To essentially save the academy from itself, Jonathan Haidt, a professor of social psychology at New York University, co-founded Heterodox Academy, a nonpartisan nonprofit committed to nurturing viewpoint diversity on college campuses. The members, now more than 2,000 professors and graduate students, are politically diverse with one common belief: The purpose of a university is to teach students how to think, not what to think.

“A small range of socio-political views are communally endorsed as reasonable or valid,” writes co-founder Debra Mashek in a Heterodox mission statement. “Rather than doing the challenging work of thinking through how a novel position might contain a piece of the truth, difference is coded as offense. … Even trace amounts of ideological difference in a classroom can exceed somebody’s threat threshold and get labeled as bigoted or fascist.” 

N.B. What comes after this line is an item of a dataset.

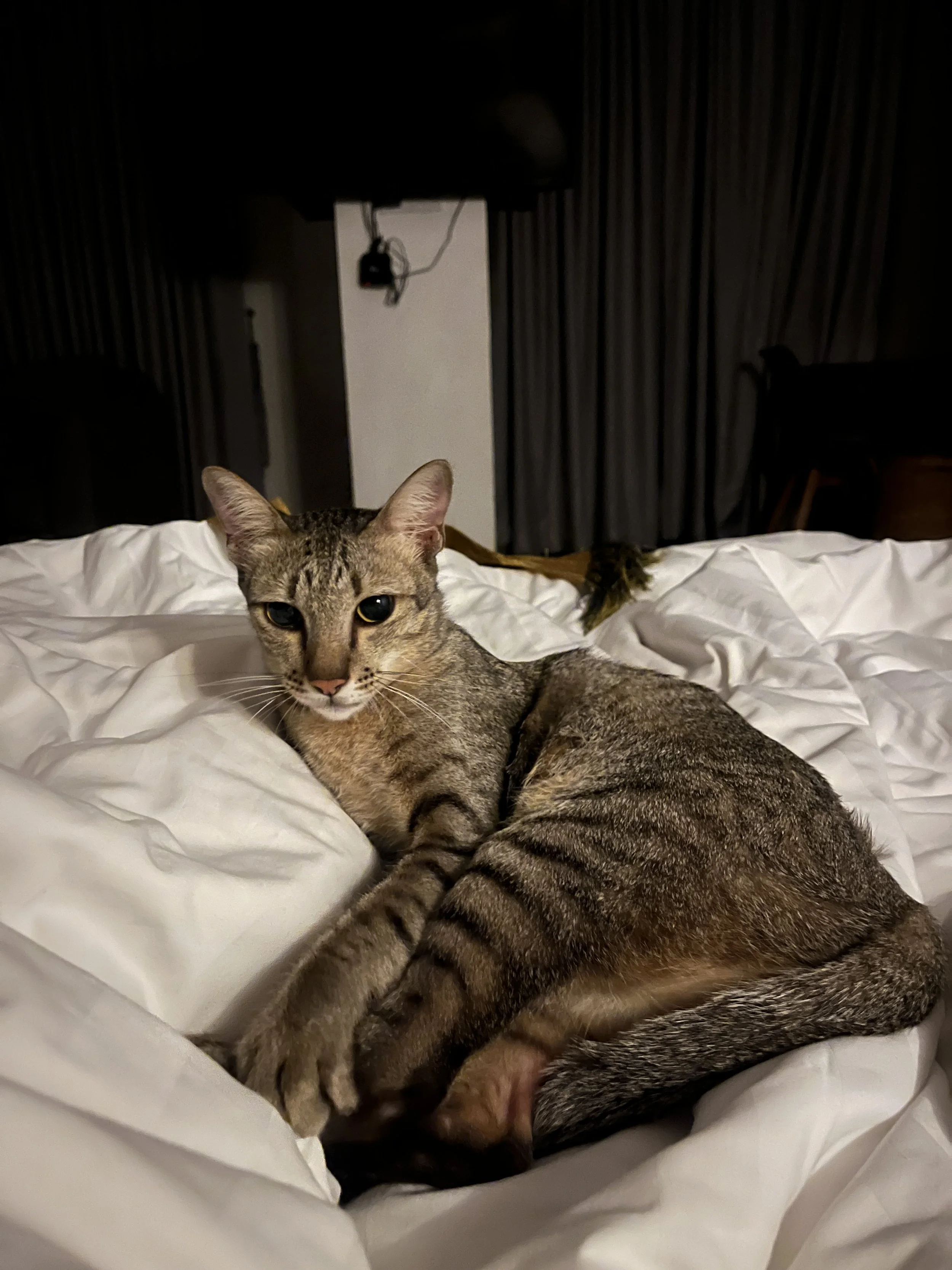 Returning late on my first night in Siem Reap, I found a cat waiting outside my hotel room. She slipped inside as if she belonged there. And, as it turned out, she did: she was the hotel cat. Watching over me.

 A couple of weeks ago, Heterodox held its first Open Mind Conference in New York City. You can see it online. What’s clear is that the situation is worse than we thought. In the first panel, professor Richard Shweder discussed the insanely politicized attempt to get the American Anthropological Association to boycott Israeli academic institutions: “It felt like a disturbing political rally rather than an intellectual event.” He was “startled by the number of senior distinguished tenured faculty” who told him that they were very much opposed to a boycott, but to please not quote them publicly. 

These are tenured professors. What were they afraid of? They were afraid of students with baseball bats outside of their offices and classrooms, death threats to their families and vicious social media campaigns. In other words, leftist tantrums.

No, this isn’t social justice at all, but authoritarian adherence to the Orthodoxy — what one panelist called “the new religion.” The university as political pawn; the students as stormtroopers.

Indeed, the atmosphere at many colleges can only be described as mob rule: Students continually disrupt classes, shouting down anyone who doesn’t adhere to the orthodoxy; “non-approved” speakers are completely shut down, often accompanied by rioting; cowardly administrators tell police to “stand down,” leaving speakers, professors and students to fend for themselves. 

The purpose of a university is to teach students how to think, not what to think.

Although many panelists labeled what’s going on a “crisis,” the tone of the conference was optimistic — We can fix this. Why? Because they believe that the majority of professors are not Marxist fanatics who approve of any of this. Rather, the silent majority is waiting for the tide to turn. 

Heterodox’s goal is to increasingly embolden professors and force administrators to put clear guidelines in place about civil discourse: You cannot shut down or shout down anyone else. If you continue to engage in this call-out culture, there will be serious consequences. 

This all sounds great in slowly changing the climate: “Where humility and curiosity replace righteousness and indignation,” as Mashek put it.

But a match needs to be lit on our side: Holding professors and administrators to higher standards. How? Pull your kid from any university that allows any of this. I transferred twice —  it’s much easier than you might think. But don’t just transfer, publicize loudly and clearly why you are transferring. Dwindling endowments and bad PR talk. 

Meanwhile, don’t discourage your kids from being rebels. Rebels have changed the world, time and again. Rebels question orthodoxies. They “follow truth wherever it may lead,” as Thomas Jefferson put it upon founding the University of Virginia. In today’s culture of continual outrage, encourage your kids to be rebels of reason.


Karen Lehrman Bloch is an author and cultural critic.